Let's explain those in detail below:

flushValCache()

There is now a public static method called void ValCache::flushValCache(void). Whenever your program is finished using any DataValueNode pointers it may be holding on to, it should call this method. It is safe to call the method as many times as you wish, so long as you never use DataValueNode pointers you created before the flush once the flush has occurred. Here is an example of okay usage, and bad usage:

GOOD

LoopRowNode *lrn;
int idx, numVals;
DataValueNode *dvn;

...For this example, assume lrn is
      already set to something valid...

numVals = lrn->size();
for( idx = 0 ; idx < numVals ; idx++ )
{
    dvn = (*lrn)[idx];
    cout << "val " << idx << 
        " is " << dvn->myValue();
    ...perhaps do other things with dvn as well...
}
ValCache::flushValCache();

	    

ALSO WORKS, BUT MAYBE FLUSHING TOO OFTEN

LoopRowNode *lrn;
int idx, numVals;
DataValueNode *dvn;

...For this example, assume lrn is
      already set to something valid...

numVals = lrn->size();
for( idx = 0 ; idx < numVals ; idx++ )
{
    dvn = (*lrn)[idx];
    cout << "val " << idx << 
        " is " << dvn->myValue();
    ...perhaps do other things with dvn as well...
    ValCache::flushValCache();
}

	    

BAD, WILL CAUSE CRASHES

LoopRowNode *lrn;
int idx, numVals;
DataValueNode *dvn;

...For this example, assume lrn is
      already set to something valid...

numVals = lrn->size();
for( idx = 0 ; idx < numVals ; idx++ )
{
    dvn = (*lrn)[idx];
    ValCache::flushValCache();
    cout << "val " << idx << 
        " is " << dvn->myValue();
    ...perhaps do other things with dvn as well...
}
	    

OKAY

LoopRowNode *lrn;
int idx, numVals;
DataValueNode *dvn;

...For this example, assume lrn is
      already set to something valid...

numVals = lrn->size();
for( idx = 0 ; idx < numVals ; idx++ )
{
    dvn = (*lrn)[idx];
    ...perhaps do other things with dvn as well...
    ValCache::flushValCache();
    cout << "val " << idx << 
        " is " << (*lrn)[idx]->myValue();
	// NOTE THE DIFFERENCE BETWEEN THIS AND THE
	// BAD EXAMPLE ABOVE.  Here, the dvn pointer
	// is not being used after the flush.  Instead,
	// a new pointer is being generated with the
	// syntax: (*lrn)[idx]
}
	    

In general, memory size usage vs CPU usage is a tradeoff.
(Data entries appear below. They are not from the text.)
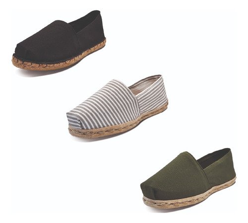 TriPack de alpargata iberia con modelos negro goma, ray gris/bla y verde militar con un rango de talla de 34 a 39.
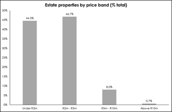 “Furthermore, Lightstone data reveals that at the end of 2022, nearly 190 000 estate properties were valued at less than R2 million, while 196 000 were valued at between R2 million and R5 million (chart below). Almost 35 000 were valued at more than R5 million.
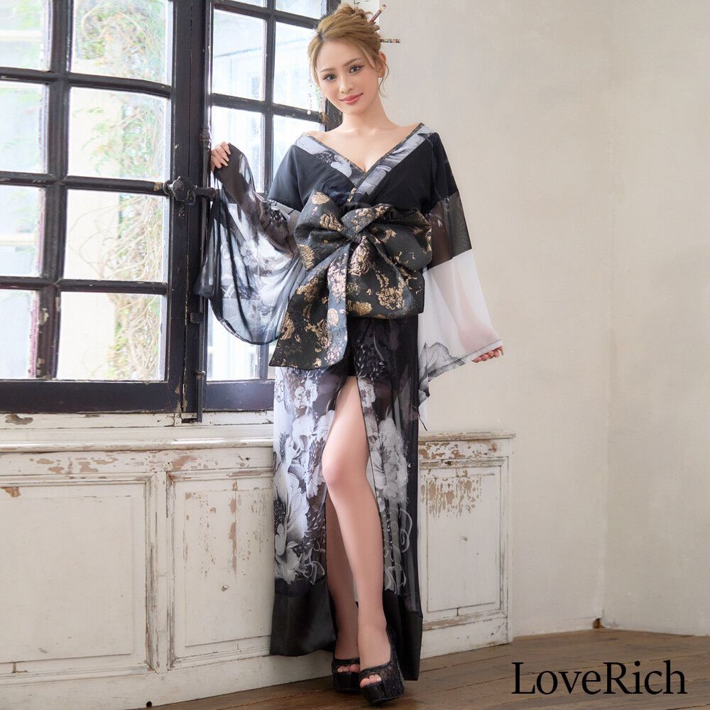 LoveRich ラブリッチ ライン 2 シフォンフラワー豪華花魁着物ドレス イベント コスプレ キャバドレス 1560
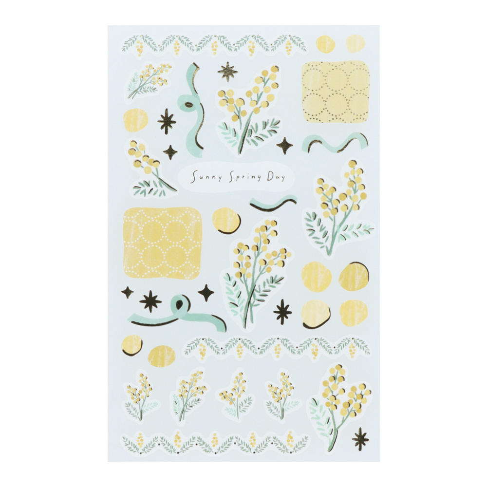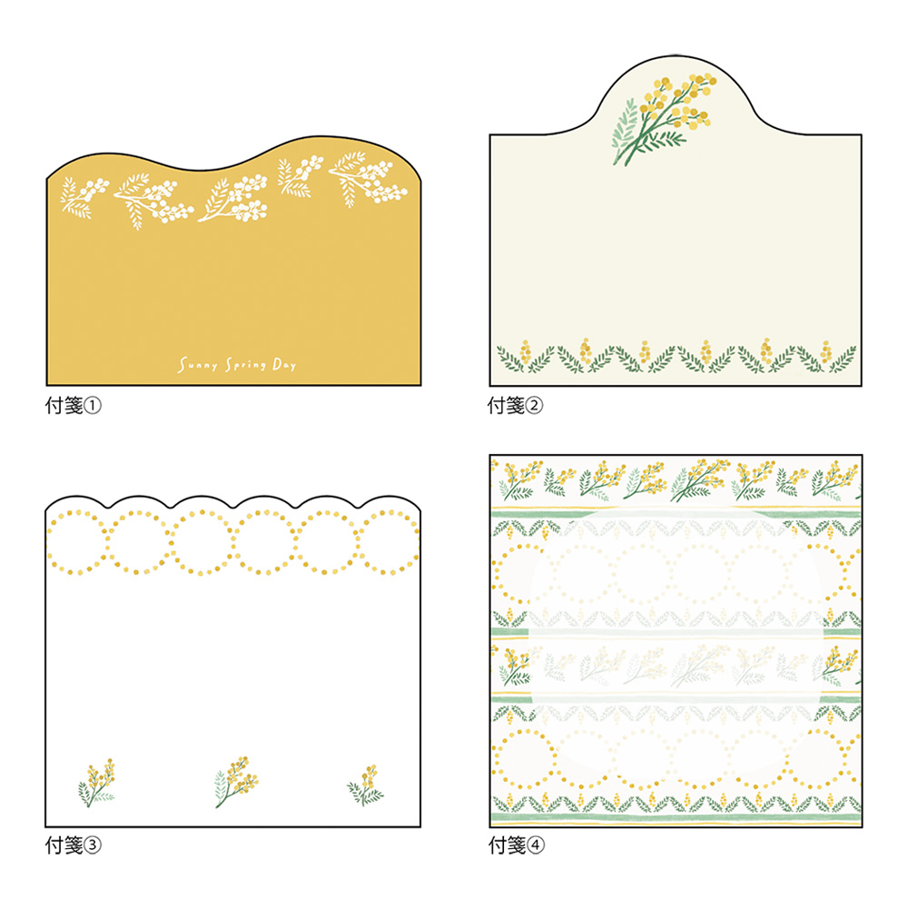 イエローでまとめた、ミモザの花デザインのブロック付箋。
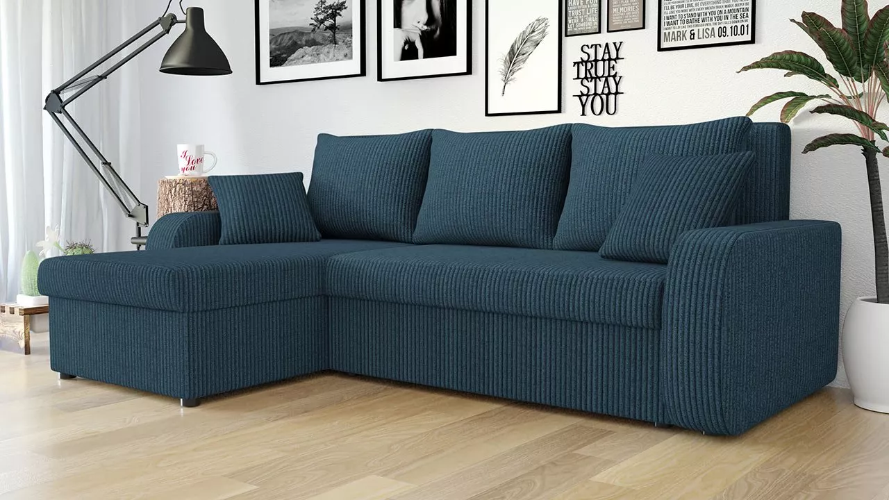 VÝPRODEJ - Sedačka na každodenní spaní s úložným prostorem KORNELIE - modrá
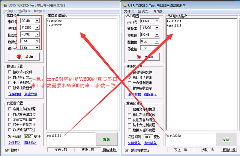 3、W600配合虛擬串口進行數(shù)據(jù)傳輸(用虛擬串口測試,需要斷開上面小黃人的網(wǎng)絡(luò)連接)
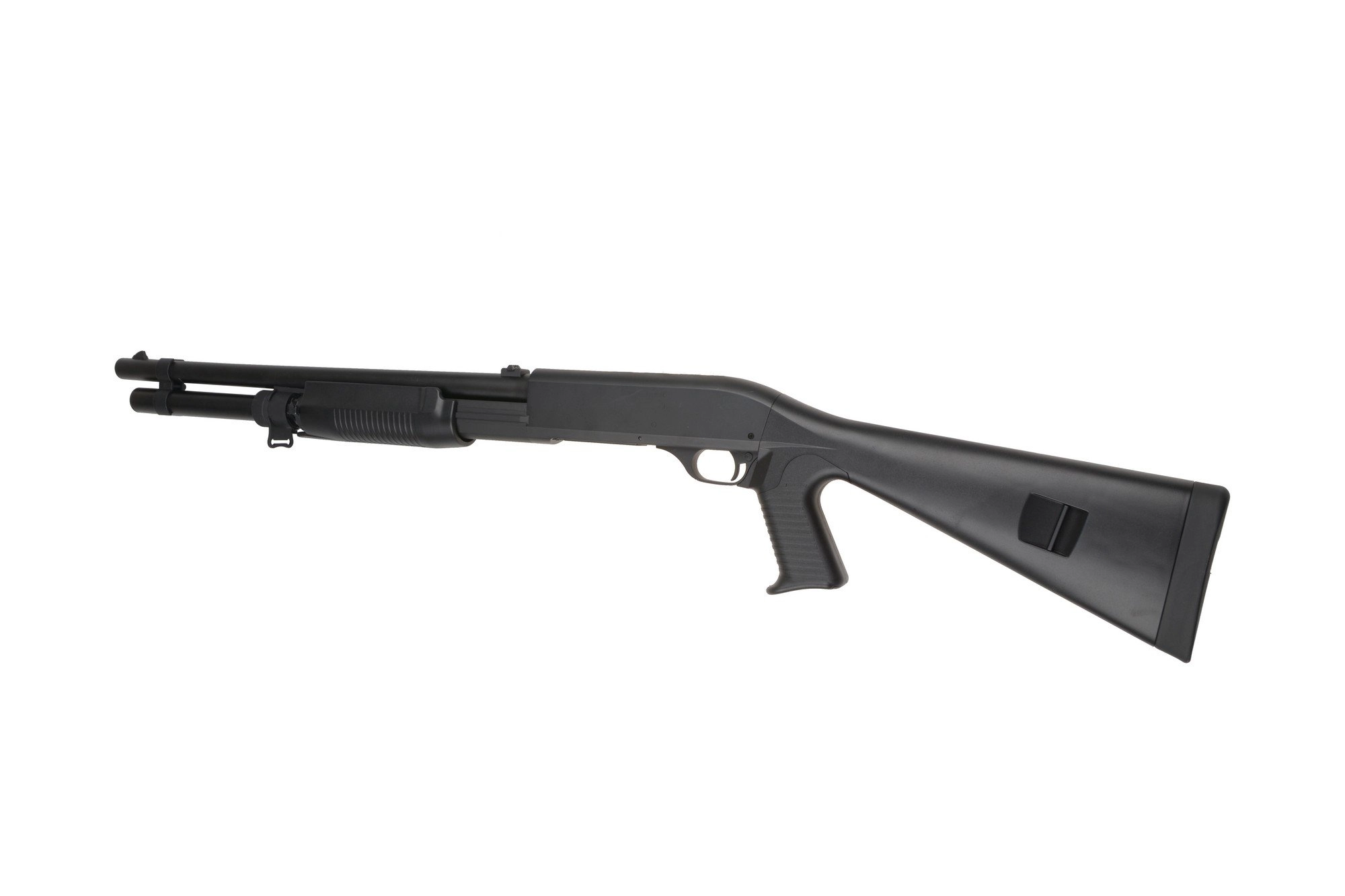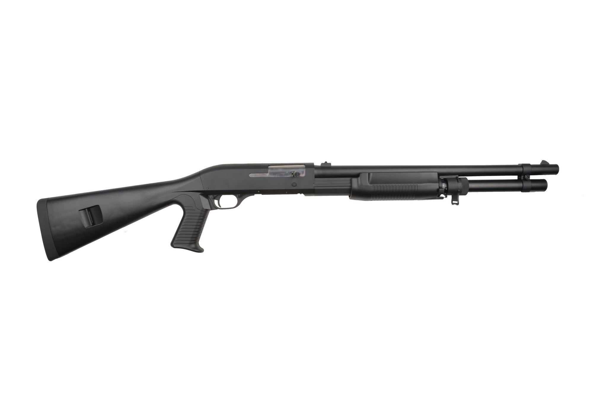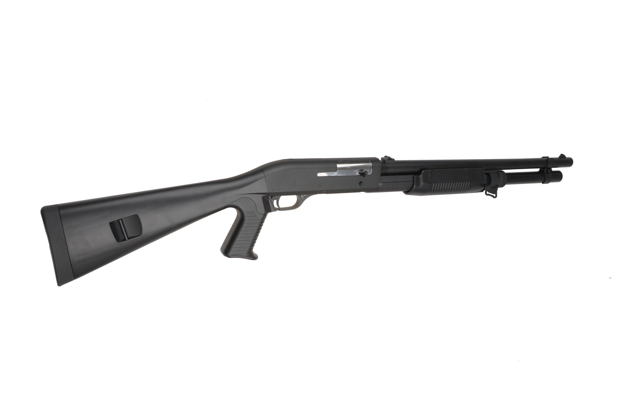 Chwyt przeładowania dzięki antypoślizgowej fakturze obsługuje się wygodnie, a jego praca jest płynna – po chwili treningu można prowadzić ze strzelby szybki i skuteczny ogień.

If you flush too often, then you are wasting too much CPU time, but if you flush not often enough, then your program might end up using entirely too much memory on larger files. As a general rule of thumb, it's a good idea to flush at the bottom of major code loops, especially if you know the code loop will be iterating over a column in a very large STAR loop.

Loop Flushing

There also exists a flushValCache() at the LoopTableNode level. You may use this to flush just the values in that one loop, rather than all the ones that exist in the entire program.

Why all this work?

It might seem like the library is offloading work onto you, the application programmer, that really belongs in the library. This I can sympathize with. However, this is caused by a limitation in the C++ language, and I haven't thought of a way to get around it. C++ pointers and references do not notify the library when they go out of scope. C++ does not do native garbage collection. Becasue of this, the library can't tell when you are done using a pointer or reference it has handed to you. This is why you need to call the flush routine yourself. When you call flushValCache, you are essentially telling the library, "I am now done with all those DataValueNode pointers I was holding on to. You may act as if they just went out of scope and I won't be using them again."

HOW TO LINK

Simple. Just alter your makefile's -I and -L statements to link to a starlib2 directory instead of starlib, and check out starlib2 to a directory at a peer level to where you checked out starlib. Remember to make sure you do a make clean first, so you don't get object mismatches during linking.